▶ **Work to be completed**: Transcribe exactly the lines below that begin at the line with "A young woman" and stop after the line with "Orestované pórky podáváme", leaving out every picture.

▶ **Records to process**:
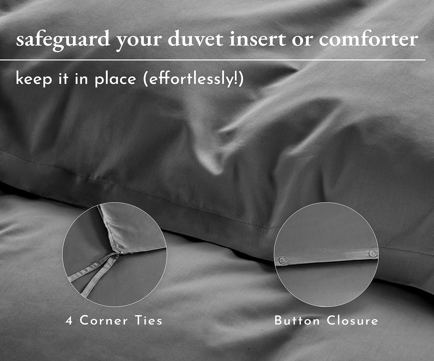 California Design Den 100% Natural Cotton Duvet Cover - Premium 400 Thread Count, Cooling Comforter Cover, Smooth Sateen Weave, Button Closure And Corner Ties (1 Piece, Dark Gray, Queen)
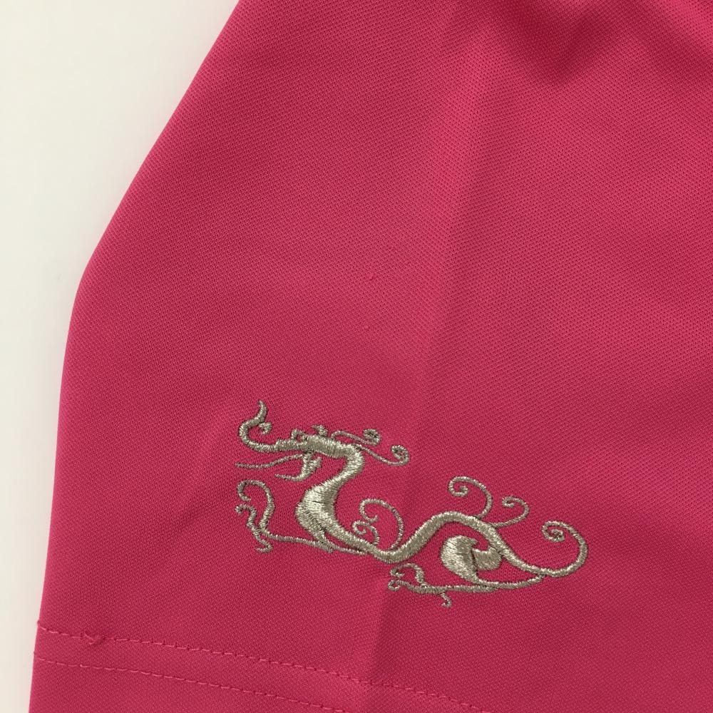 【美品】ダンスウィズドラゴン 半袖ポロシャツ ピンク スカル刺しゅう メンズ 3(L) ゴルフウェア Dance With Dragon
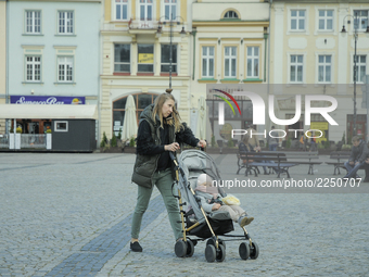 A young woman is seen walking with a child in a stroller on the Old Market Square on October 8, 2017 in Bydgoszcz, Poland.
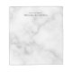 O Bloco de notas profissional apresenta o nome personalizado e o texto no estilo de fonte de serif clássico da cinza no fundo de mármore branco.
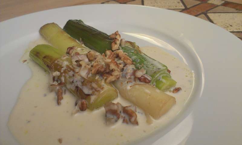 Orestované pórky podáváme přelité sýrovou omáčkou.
==
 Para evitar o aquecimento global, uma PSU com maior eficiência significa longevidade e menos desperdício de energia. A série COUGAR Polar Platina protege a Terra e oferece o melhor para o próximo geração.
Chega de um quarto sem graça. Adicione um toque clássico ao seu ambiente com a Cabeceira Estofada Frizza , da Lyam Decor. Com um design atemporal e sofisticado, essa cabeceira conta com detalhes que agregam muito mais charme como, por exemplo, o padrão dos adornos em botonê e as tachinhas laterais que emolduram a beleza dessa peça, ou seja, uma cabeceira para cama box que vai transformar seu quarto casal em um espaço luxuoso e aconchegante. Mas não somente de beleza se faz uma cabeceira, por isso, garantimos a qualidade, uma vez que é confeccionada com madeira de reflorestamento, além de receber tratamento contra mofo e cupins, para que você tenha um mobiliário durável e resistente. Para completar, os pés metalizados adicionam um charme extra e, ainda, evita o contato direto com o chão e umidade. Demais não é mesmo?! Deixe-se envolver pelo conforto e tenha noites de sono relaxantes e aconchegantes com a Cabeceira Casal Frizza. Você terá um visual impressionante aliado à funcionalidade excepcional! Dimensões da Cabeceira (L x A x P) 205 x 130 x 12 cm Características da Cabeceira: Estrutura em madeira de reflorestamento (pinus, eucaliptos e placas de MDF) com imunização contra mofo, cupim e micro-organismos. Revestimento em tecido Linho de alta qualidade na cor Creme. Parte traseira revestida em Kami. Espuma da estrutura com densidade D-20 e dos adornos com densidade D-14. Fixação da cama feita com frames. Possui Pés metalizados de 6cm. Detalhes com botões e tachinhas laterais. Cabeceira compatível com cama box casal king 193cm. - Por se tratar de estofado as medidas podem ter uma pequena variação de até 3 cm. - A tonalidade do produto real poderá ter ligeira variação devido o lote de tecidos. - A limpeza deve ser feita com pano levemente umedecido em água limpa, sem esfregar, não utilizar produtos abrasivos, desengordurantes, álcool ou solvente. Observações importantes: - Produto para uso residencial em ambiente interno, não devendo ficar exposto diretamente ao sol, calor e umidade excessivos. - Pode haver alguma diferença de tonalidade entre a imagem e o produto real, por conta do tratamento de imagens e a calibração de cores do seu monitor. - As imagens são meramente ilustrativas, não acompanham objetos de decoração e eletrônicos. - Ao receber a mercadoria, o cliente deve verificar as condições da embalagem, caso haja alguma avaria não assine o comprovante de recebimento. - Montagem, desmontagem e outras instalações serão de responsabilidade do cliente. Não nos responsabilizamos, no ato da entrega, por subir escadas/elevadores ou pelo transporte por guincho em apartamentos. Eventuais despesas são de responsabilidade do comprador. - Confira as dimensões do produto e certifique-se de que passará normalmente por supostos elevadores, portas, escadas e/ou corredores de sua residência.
...
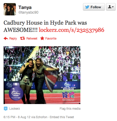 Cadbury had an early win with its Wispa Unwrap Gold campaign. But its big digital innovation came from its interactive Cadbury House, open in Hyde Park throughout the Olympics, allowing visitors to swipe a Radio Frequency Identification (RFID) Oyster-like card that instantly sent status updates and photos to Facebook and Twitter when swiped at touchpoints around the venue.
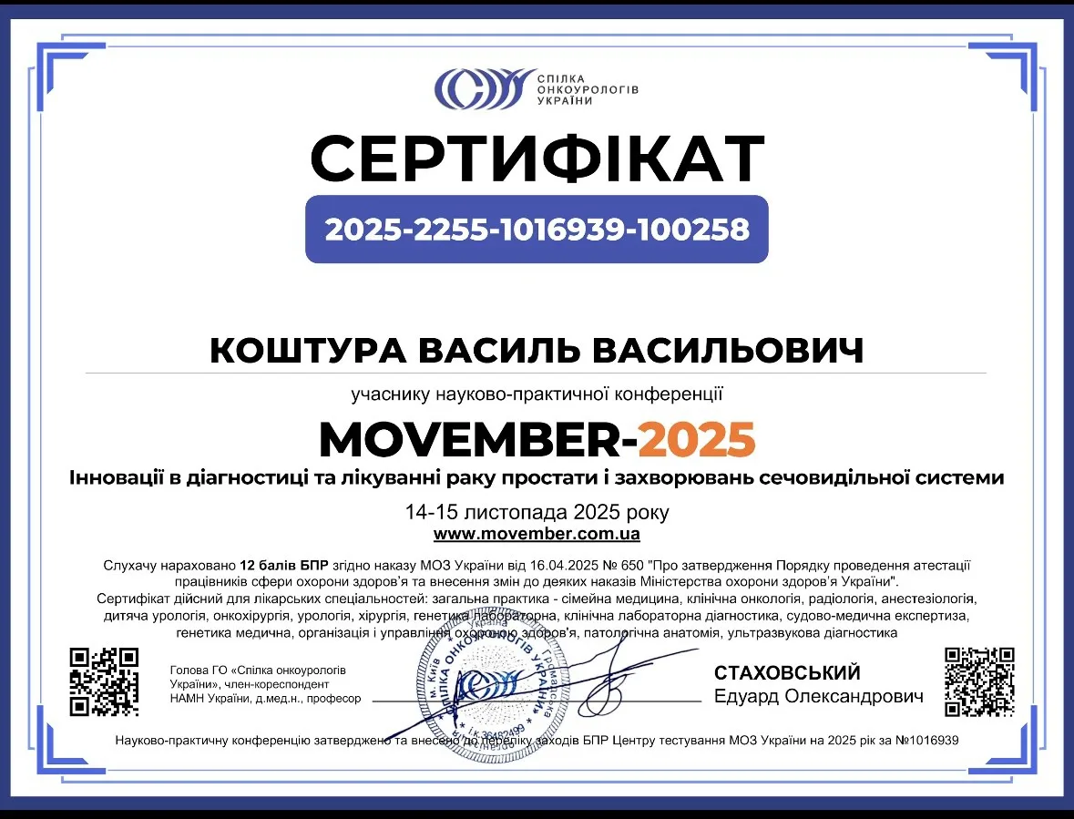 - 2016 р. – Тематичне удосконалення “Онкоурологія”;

▶ **Final answer**:
 A young woman is seen walking with a child in a stroller on the Old Market Square on October 8, 2017 in Bydgoszcz, Poland.
 O Bloco de notas profissional apresenta o nome personalizado e o texto no estilo de fonte de serif clássico da cinza no fundo de mármore branco.
 Orestované pórky podáváme přelité sýrovou omáčkou.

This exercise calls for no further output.